Your kids have ONE shot at life. What are you doing to help them be successful?

Anonymous
Anonymous wrote:Left the US and insane American parenting like this


+1, got my kids the hell out of DC.
Anonymous
Anonymous wrote:Anyone else hearing Eminem music in their head when they saw the subject line?




Welp, now I do!
Anonymous
I model healthy emotional regulation and support my child in learning to accept and manage their own feelings. My goal is to raise a person who feels secure in themselves and is emotionally resilient. I think it’s the foundation of everything else. Also: free.
Anonymous
Anonymous wrote:Gave them tall grandparents. They predict my son will be 6'6". Can't do much better than that.

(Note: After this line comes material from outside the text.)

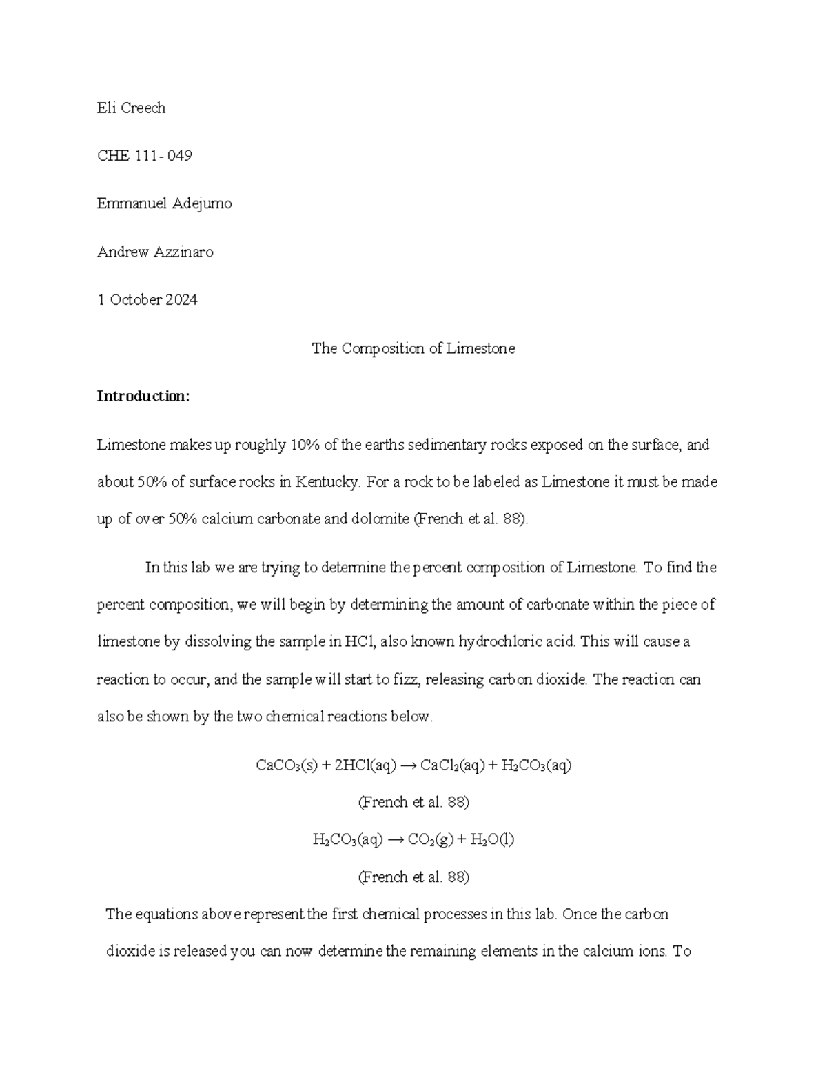 4 Creech Eli - LAb 4 write up - Eli Creech CHE 111- 049 Emmanuel ...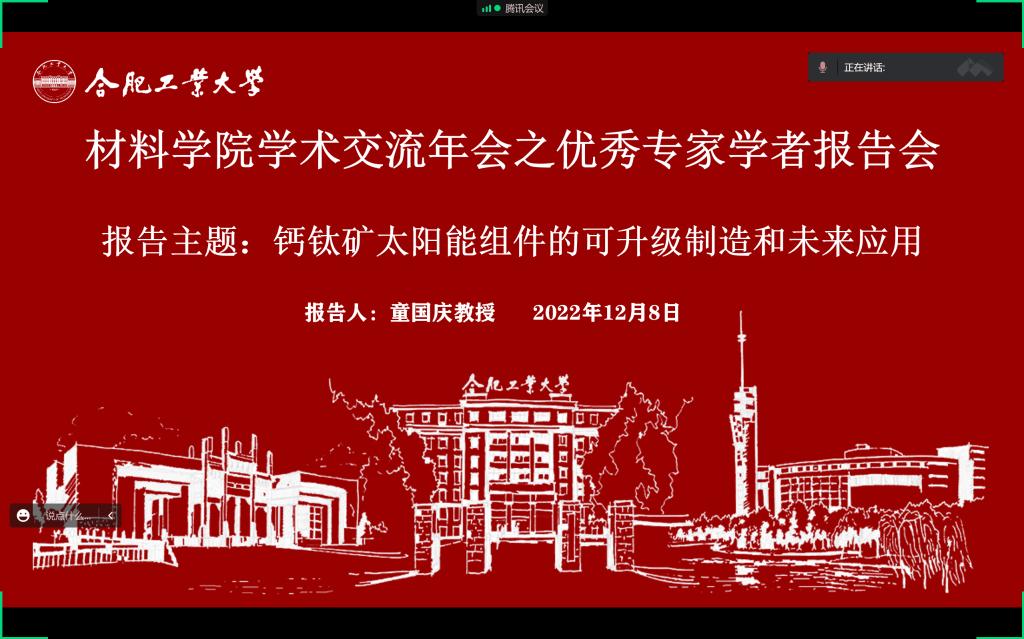 邀请了合肥工业大学黄山学者优秀青年人才计划主持人童国庆教授于12月8日在材料楼6楼601会议室做关于钙钛矿太阳能组件的可升级制造和未来应用报告会。

Translation: you did nothing.
Anonymous
Anonymous wrote:🙄
I am doing my best to raise kids who are well balanced. OP you sound insufferable.


I couldn't have said it better. OP is teaching her children to be insufferable snobs, just like their mother.

Anonymous
Just pray that they don't develop a mental illness. Mine did. It doesn't run in our family so I can't blame it on crappy genes. You can do everything "right" and your child could still end up with issues.
Anonymous
Ha ha ha. There are lots of ways to help your kids, or to screw them up for that matter. It’s almost never just one shot at anything.
Anonymous
Anonymous wrote:
Anonymous wrote:I’ll go first. We spent $30k for my son to attend a private Kindergarten that helped him excel during the first Covid year.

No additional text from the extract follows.